Review History


All reviews of published articles are made public. This includes manuscript files, peer review comments, author rebuttals and revised materials. Note: This was optional for articles submitted before 13 February 2023.

Peer reviewers are encouraged (but not required) to provide their names to the authors when submitting their peer review. If they agree to provide their name, then their personal profile page will reflect a public acknowledgment that they performed a review (even if the article is rejected). If the article is accepted, then reviewers who provided their name will be associated with the article itself.

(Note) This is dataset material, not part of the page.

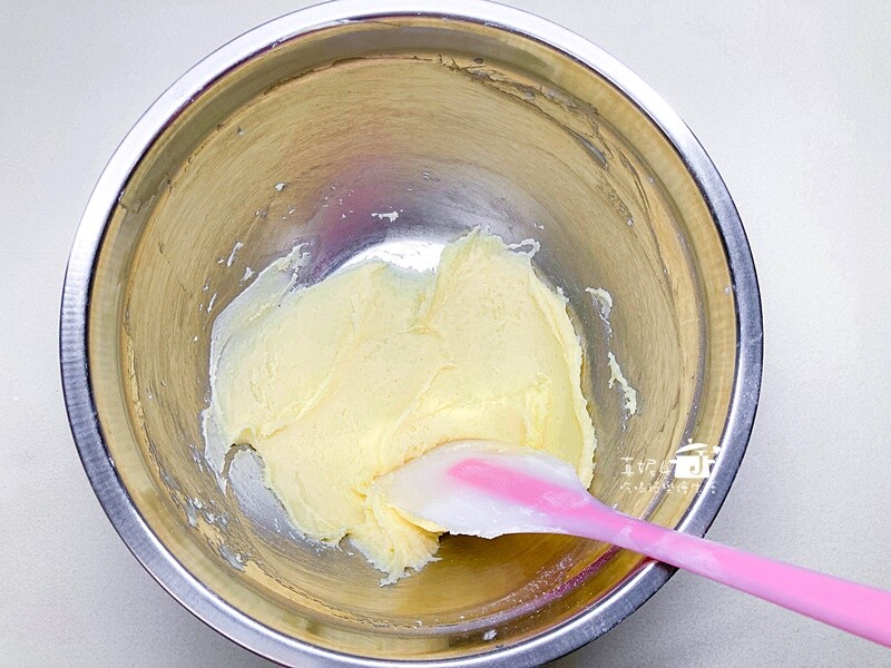 這裡用糖粉是因為顆粒細容易融入奶油裡,若沒有糖粉就用砂糖,只是要多花些手勁攪拌到沒有顆粒

View examples of open peer review.

Summary

  • The initial submission of this article was received on March 21st, 2023 and was peer-reviewed by 2 reviewers and the Academic Editor.
  • The Academic Editor made their initial decision on June 16th, 2023.
  • The first revision was submitted on June 28th, 2023 and was reviewed by 1 reviewer and the Academic Editor.
  • A further revision was submitted on October 19th, 2023 and was reviewed by the Academic Editor.
  • The article was Accepted by the Academic Editor on October 21st, 2023.

Version 0.3 (accepted)

· Oct 21, 2023 · Academic Editor

Accept

The author has addressed all concerns and has made the changes required. I have reviewed the manuscript and this paper is ready for publication.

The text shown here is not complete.